IDProxy: Cold-Start CTR Prediction for Ads and Recommendation at Xiaohongshu with Multimodal LLMs

📝 Paper Summary

Cold-Start Recommendation Click-Through Rate (CTR) Prediction Multimodal Representation Learning

IDProxy mitigates the item cold-start problem by using multimodal LLMs to generate proxy embeddings from content that are explicitly aligned with the collaborative ID embedding space of existing production CTR models.

Core Problem

Standard CTR models rely on item ID embeddings learned from interaction history, which fail for new items (cold-start) that lack this history.

Why it matters:

New items are continuously uploaded on platforms like Xiaohongshu and must be served immediately to ensure user experience, but lack the data needed for collaborative filtering
Existing solutions like simple MLP mappings fail to bridge the semantic gap between rich multimodal content and the irregular, non-clustered distribution of industrial ID embeddings
Retraining or significantly altering mature industrial ranking models to accommodate new content features is costly and operationally complex

Concrete Example: A newly uploaded post with an image and text has no click history, so its ID embedding is randomly initialized or poorly trained, causing the CTR model to rank it incorrectly.
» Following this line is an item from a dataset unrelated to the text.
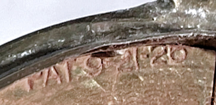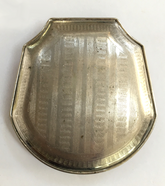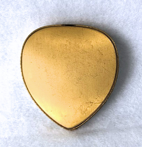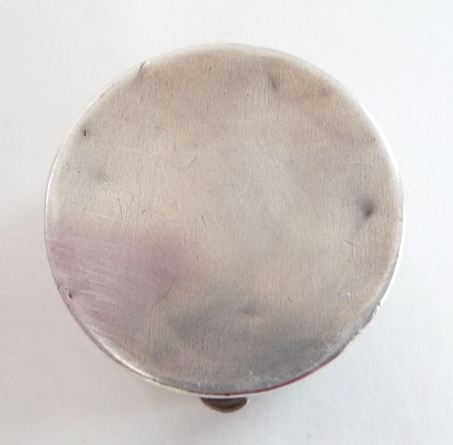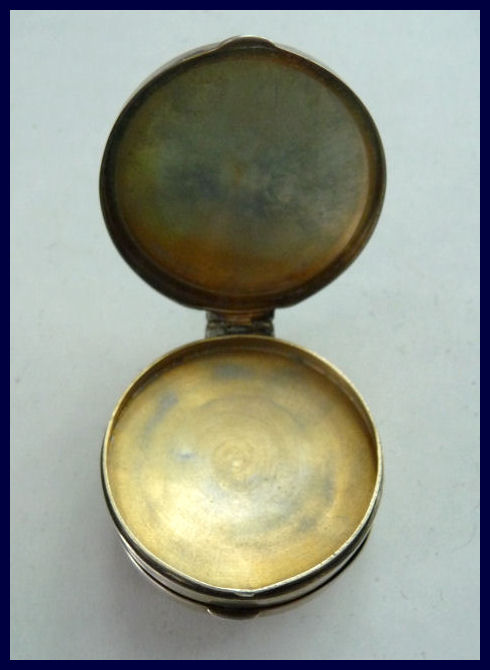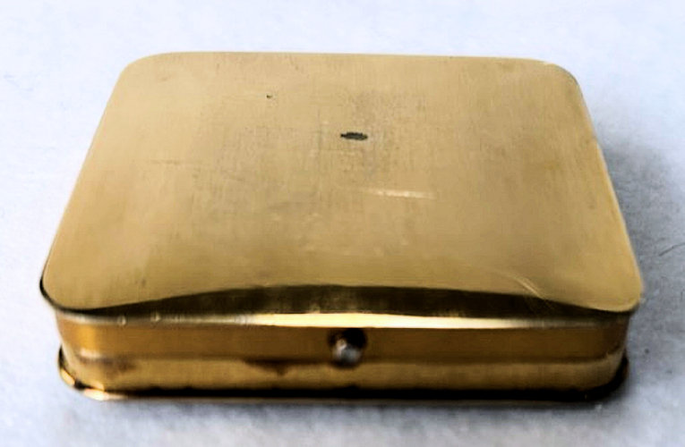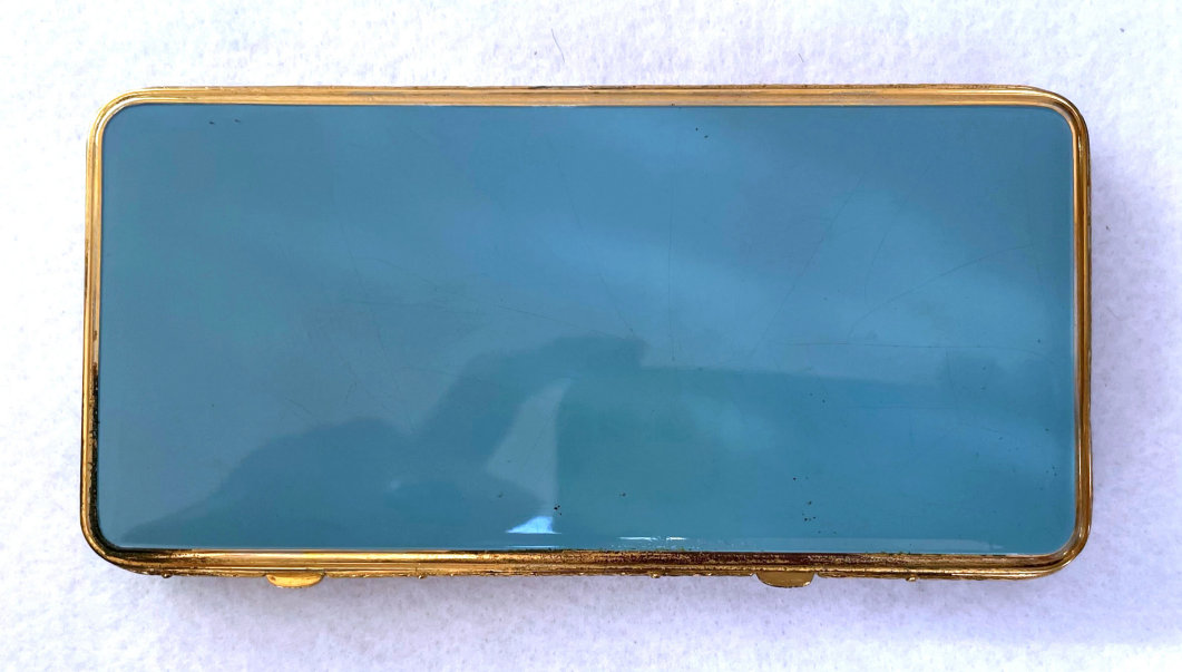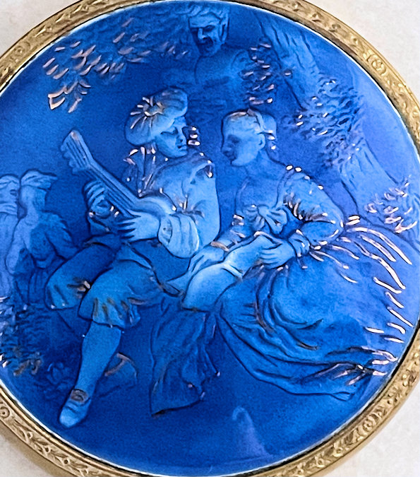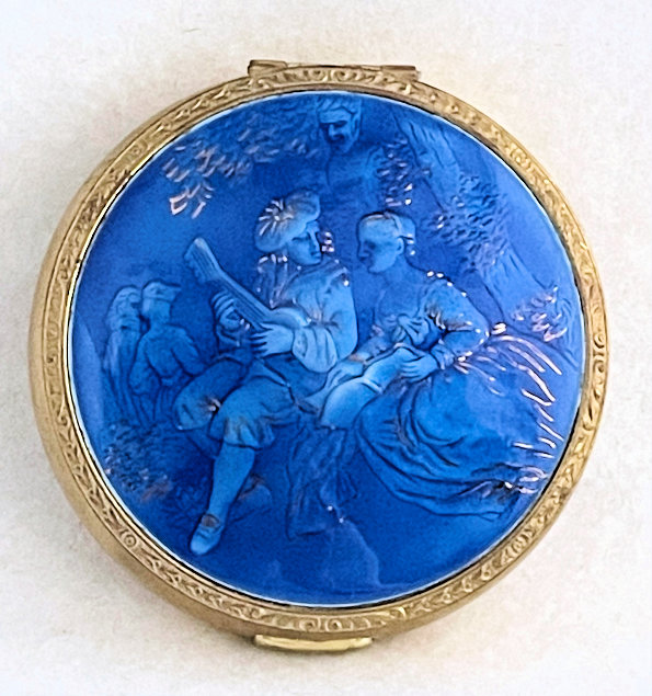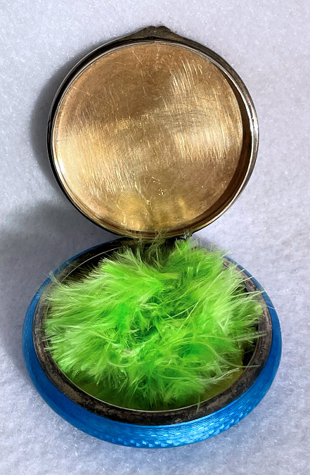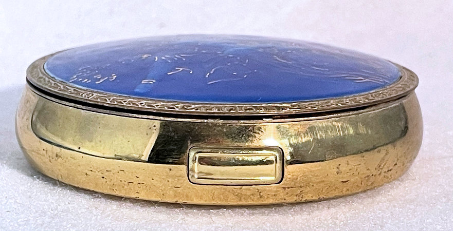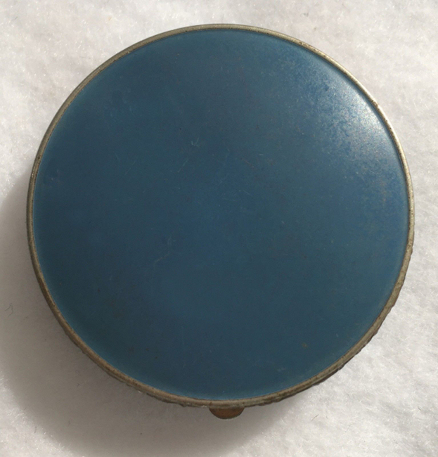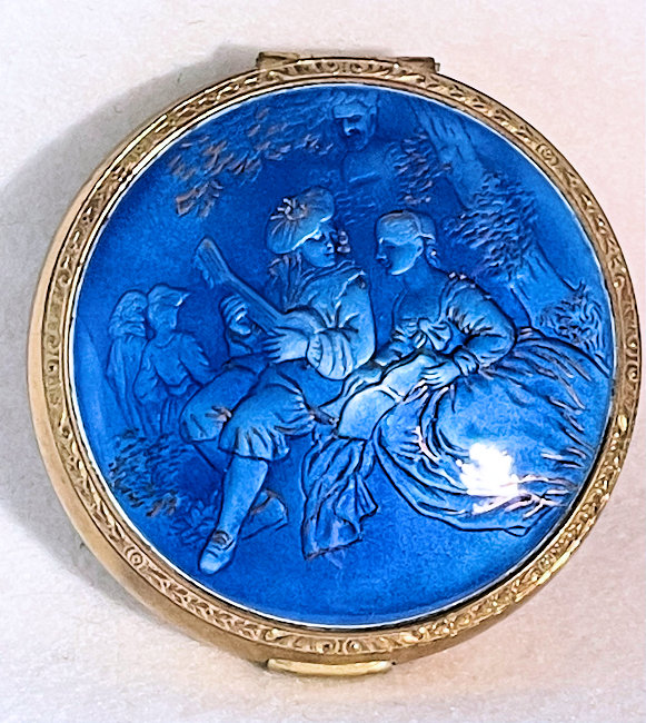 Basse Taille is a very rarely found enameling technique and this one is done in a beautiful royal blue with highlights of the underlying metal showing through. Made by Evans, the scene is of a famous Watteau painting from 1726 entitled "Girl with Music Manuscript Book". The scene is done in varying reliefs which give depth to the enamel and that you can feel on the surface. It's just gorgeous! The case itself is brass and has embossed trim around the edge of the scene. The sides are polished and the base is finished in concentric circles. There are some specks visible in the polished portion if looking closely. These might easily polish off but I prefer to leave them as found. Inside is a full size mirror in the lid in excellent condition. The base would hold loose powder and has the original screen. The original Evans signed puff is still inside but has come apart due to age although it has never been used. Measures 2-5/8" diameter. (Click on pic for more photos.) |

Existing methods might map its image features to an ID vector using a simple projection, but this vector often lands in a 'void' area of the ID space, disconnected from the collaborative patterns the ranker understands.

Key Novelty

Coarse-to-Fine Proxy Alignment with Multimodal LLMs (MLLMs)

Stage 1 (Coarse): Uses an MLLM to generate a global content embedding, aligned to the static ID space via contrastive learning against mature items
Stage 2 (Fine): Extracts multi-layer hidden states from the MLLM and refines them via an adaptor trained end-to-end with the frozen CTR ranker, allowing the proxy to learn ranker-specific structural priors

Architecture

The IDProxy framework illustrating the two-stage training process: MLLM-based coarse proxy generation and CTR-aware fine-grained alignment.

Breakthrough Assessment

7/10

Offers a practical, production-proven method for aligning MLLM representations with legacy ID-based systems without requiring a full model redesign. High industrial value, though the core concept of 'content-to-ID' mapping is established.

⚙️ Technical Details

Problem Definition

Setting: Cold-start CTR prediction where new items lack interaction history but possess multimodal content (text/image)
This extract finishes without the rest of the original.